If the integration tests are to be executed against the local docker environment, the corresponding secret will be exceptionally accepted as an empty string (""). No setup is required for this case.

to execute locally, run npm run cy:run:qa

to execute locally using cypress interface, run npm run cy:open:qa

you can replace qa for dev in the commands above for the desire environment

the env variable can be local, dev, qa, staging, prod, as defined in cypress.config.js.

Best Practices

Terms

  • Test Suite - One ts file that has at least one describe block and one or more it blocks.
  • Test An it block within a Test Suite.

Writing a test

Each test should

  1. Do setup. Set state and/or use the API to create test data on the server to create the starting state for that particular test
  2. Execute API method under test.
  3. Assert that the resulting response and backend state is what is expected.
  4. Clean up test state or database state if either was changed.

Guidelines

We should always ensure that each test is independent of other tests.

Each test it block should not be dependent on any code or test data from any other it block. If you remove all the other it blocks in a suite and all the other suites, and run only your test, your test should still work properly. In addition, your test should not affect the results of any other test.

We should strongly prefer creating test data specifically for each test.

Use the APIs themselves to create test data in your test setup code in beforeEach or the it block itself. This allows our tests to be independent of the existing data that can be inadvertently changed by other tests or by users. Exceptions might be made due to execution time of test data creation. Next best approach is to create only within the test suite for all or a subset of tests.

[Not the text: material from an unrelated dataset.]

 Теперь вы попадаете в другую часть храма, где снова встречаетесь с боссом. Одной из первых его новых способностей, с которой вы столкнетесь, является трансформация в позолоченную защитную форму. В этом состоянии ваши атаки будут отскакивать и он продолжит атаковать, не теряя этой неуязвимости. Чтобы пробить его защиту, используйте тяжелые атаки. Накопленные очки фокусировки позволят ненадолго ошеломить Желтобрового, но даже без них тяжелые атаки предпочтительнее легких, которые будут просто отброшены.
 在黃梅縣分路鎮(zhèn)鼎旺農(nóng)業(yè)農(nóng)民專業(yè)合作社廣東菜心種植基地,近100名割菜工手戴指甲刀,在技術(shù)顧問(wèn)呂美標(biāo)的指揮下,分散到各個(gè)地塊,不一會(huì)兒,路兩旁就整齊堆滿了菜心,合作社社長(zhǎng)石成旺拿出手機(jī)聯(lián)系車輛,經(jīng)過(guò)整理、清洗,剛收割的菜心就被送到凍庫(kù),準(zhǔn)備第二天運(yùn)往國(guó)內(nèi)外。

We should strongly prefer to remove our test data and reset our test variables after every test

Use deprecate mutations to delete data, use TestVar.clear to clear all variables, etc so that every test sets the environment back to what it was before the test ran.

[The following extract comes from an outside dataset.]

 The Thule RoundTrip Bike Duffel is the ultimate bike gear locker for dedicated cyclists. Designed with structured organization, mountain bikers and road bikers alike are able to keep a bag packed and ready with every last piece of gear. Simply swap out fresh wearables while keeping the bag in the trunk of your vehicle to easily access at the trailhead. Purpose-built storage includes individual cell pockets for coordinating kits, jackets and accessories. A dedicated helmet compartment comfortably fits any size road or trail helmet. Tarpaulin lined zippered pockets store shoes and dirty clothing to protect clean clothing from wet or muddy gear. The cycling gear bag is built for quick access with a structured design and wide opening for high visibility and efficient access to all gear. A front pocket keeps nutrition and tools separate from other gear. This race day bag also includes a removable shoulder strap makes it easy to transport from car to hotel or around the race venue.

We should prefer using native expect() to make test assertions.

To make it clear to users what is being tested in a test, it is preferred to use native cypress assertion methods such as expect(). Exceptions might be made if you have complicated assertions that are reused across tests so you make a custom assertion method. This method should have the word "expect" within it (ex. expectQuestionToBeCompleted)to make clear it is making an assertion.

We should share saved variables and data across test suite blocks using TestVar methods.

When saving data to use across before, beforeEach, it, after, and afterEach blocks in a test suite, we should use TestVar.set and TestVar.get. This allows use to clearly identify variables we are saving for use between tests and easily reset them using TestVar.clear

We should strongly prefer creating test data unique to the running test

We should try to use unique values when querying for and asserting on returned data. We can use unique ids using generateUniqueId when we create test data via APIs and assert on the unique data in the tests.

We should always add message parameter to expect statements

We should always add the message parameter to our expect statements to make reading the test report clear. For example, expect(contentId).is.not.null will be reported in the test report as "Expected null to not be null" which doesn't make clear you are checking contentId. If you write expect(contentId, 'content id').to.be.null then its reported as "content id: expected null to not to be null" which is much clearer when debugging a test that has multiple expect statements. We should write short messages that make the test report easy to read and debug.